Databricks to read from ORC file and upsert data to Delta table using PySpark readStream and writeStream
Objective:
- With the orc file created from the Delta table in the post, now we will read that orc file and upsert the Delta table score (which has the same schema as the student table mentioned in that post).
Initial setup
Create the database
%sql create database if not exists demo_db
Load the sample CSV content to Databricks cluster
- Create a csv file using below sample content
StudentId,Name,Subject,Mark
1,Ram,science,80
1,Ram,maths,90
1,Ram,language,85
2,Tom,science,72
2,Tom,maths,75
2,Tom,science,79
3,Kim,science,81
3,Kim,maths,92
3,Kim,language,89
- Load the data to Databricks cluster workspace
Read the data from csv using spark and create the table
dataframe = spark.read.options(header='True',inferSchema='True').csv('dbfs:/FileStore/sample_data/sampleStudent.csv')
Write the data to delta file and create a table using the delta file
- Below creates a table score and loads the data
tableName='demo_db.score'
savePath='/tmp/demo_score'
sourceType='delta'
dataframe.write \
.format(sourceType) \
.save(savePath)
# Create the table.
spark.sql("CREATE TABLE " + tableName + " USING DELTA LOCATION '" + savePath + "'")
display(spark.sql("SELECT * FROM " + tableName))
Delete the loaded content to the score table
- The content of the table will be deleted and start with empty database.
%sql delete from demo_db.score
As mentioned in this post the Delta table are loaded to the student table, and orc file is created in a specific location.
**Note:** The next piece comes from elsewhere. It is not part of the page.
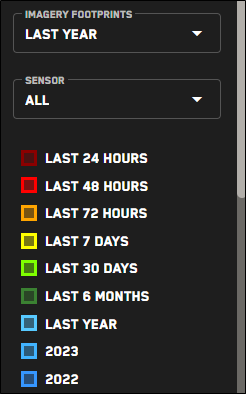 • Imagery Footprints (Default: None) The time frame of the imagery acquisition date (e.g., a specific year, last 24 hours, last 7 days, last year, none)

We will use the same orc file to load the score table(which has the same schema as the student table).
Code to read from the Delta table using readStream
# schema defined, if we have the json version we can use it
rdSchema = ("StudentId int, " +
"Name string, " +
"Subject string, " +
"Mark int")
data_readstream = (
spark.readStream
.schema(rdSchema)
.format("orc")
.load('/dbfs/FileStore/sample_data/student_data/') #path to the orc file
)
Code defines the batch loader to merge dataframe and upsert delta table score
def upsertDataUsingBatchLoader(df, batch_id):
#datapartition = 'studentid_p'
data_msg_df = (df) # we can use the df dataframe directly instead of use another variable.
#display(data_msg_df)
## create a temp table in Databricks spark
data_msg_df.createOrReplaceTempView("temp_student_tbl")
# use the sparksession to merge the table
data_msg_df._jdf.sparkSession().sql("""
MERGE INTO demo_db.score mdt
USING temp_student_tbl tst
ON mdt.StudentId = tst.StudentId
WHEN MATCHED THEN UPDATE SET *
WHEN NOT MATCHED THEN INSERT *
""")
Code to write the information to Delta table using writeStream
data_writestream = (
data_readstream
.repartition(1)
.writeStream
.trigger(once=True)
.format("delta")
.option("checkpointLocation", "/dbfs/FileStore/sample_data/update_tbl/")
.foreachBatch(upsertDataUsingBatchLoader) #Pass in the funtion that uses the batch loader
.start()
)
Output
- After executing the above write stream, the output will be more like in below snapshot
Output
- Finally the score table will be updated with the data.